47 BC (June 23) Cleopatra VII gives birth to Ptolemy XV Philopator Philometor Caesar, nicknamed Caesarion, the last King of the Ptolemies.
His mother Cleopatra insisted that he was the son of Julius Caesar. Caesarion was said to have inherited Caesar's looks and manner, but Caesar apparently did not officially acknowledge him. Caesar's supporter Gaius Oppius wrote a pamphlet which attempted to prove that Caesar could not have fathered Caesarion. Nevertheless, Caesar may have allowed Caesarion to use his name.
www.ancientegyptonline.co.uk: "A decree in demotic (a shorthand version of hieroglyphs) was set up in the Serapeum at Saqqara and his lineage proclaimed on monuments across Egypt (including a famous scene in the Temple of Dendera. Caesar seems to have been very proud that he had finally had a son. His aides began to investigate the possibility of changing Roman Law so that he could acknowledge Caesarion as his heir despite the prohibition on marriages with foreigners and the fact that he was already married. He had a coin struck depicting Venus-Aphrodite and Cleopatra had a similar coin created in which she was depicted as Venus-Aphrodite nursing their son. "
47 BC (Apr) Caesar returns to Rome, leaving Cleopatra in Alexandria.
"Caesar was criticised in Rome for failing to simply absorb Egypt into the empire and for remaining too long in Egypt after the defeat of Ptolemy XIII and there were still a number of factions loyal to Pompey including a number of his sons so he had a number of important matters to attend to, but he also had to visit his Jewish allies and reward their support in the Alexandrian war. He left three legions in Alexandria to support Cleopatra (and to confirm Egypt's status as a protectorate) and took the treasonous Arsinoe back to Rome with him as his prisoner. He also gave Cyprus back to Cleopatra and this increase in her revenues allowed her to reduce taxation while continuing to improve the Egyptian economy." (source)
47 BC (Feb 27) Caesar, Cleopatra, and their allies smash the Ptolemaic forces under Ptolemy XIII at the Battle of the Nile, taking control of Egypt.
Caesar attacked the Ptolemaic troops in the traditional Roman manner, under a shower of pila (plural of the Roman spear, pilum). The pike-armed Egyptians were overwhelmed once the Romans used their shields and got past the pike's point, when they began laying about with their short swords (gladii). The Roman legions destroyed a Ptolemaic fort, and after heavy fighting stormed Ptolemy's camp. Thousands fled, including Ptolemy, who reputedly drowned when his ship capsized. Egypt was now in the hands of Caesar, who placed Cleopatra on the throne with another of her brothers, Ptolemy XIV. He then uncharacteristically lingered in Egypt until April, enjoying a liaison with the youthful queen. 
47 BC (Feb) Mithridates arrives to relieve Caesar at Alexandria. As he nears, Caesar goes out to meet the enemy as well.
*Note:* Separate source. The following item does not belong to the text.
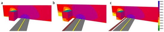 Cross-section simulation of street-facing building noise: (a) without acoustic barrier; (b) with an acoustic barrier; (c) with an acoustic barrier at 2 m.

47 BC (Jan) Egyptians begin to get upper hand in siege against Caesar's forces in Alexandria. Caesar sends for help to his ally Mithridates I of the Bosporus.
In the winter of 48/47 BC, Roman dictator Julius Caesar became trapped in Alexandria, Egypt. Caesar was besieged in Alexandria by the armies of Achillas, guardian and general for King Ptolemy XIII Theos Philopator. Mithridates raised an army and came to Caesar’s relief.
Mithridates I of the Bosporus sometimes known Mithridates of Pergamon, was a nobleman from Anatolia. Mithridates was one of the sons born to King Mithridates VI of Pontus from his mistress, the Galatian Celtic Princess Adobogiona the Elder
48 BC Caesar takes sids with Cleopatra in the civil war. His forces in Alexandria are besieged by the Egyptian army.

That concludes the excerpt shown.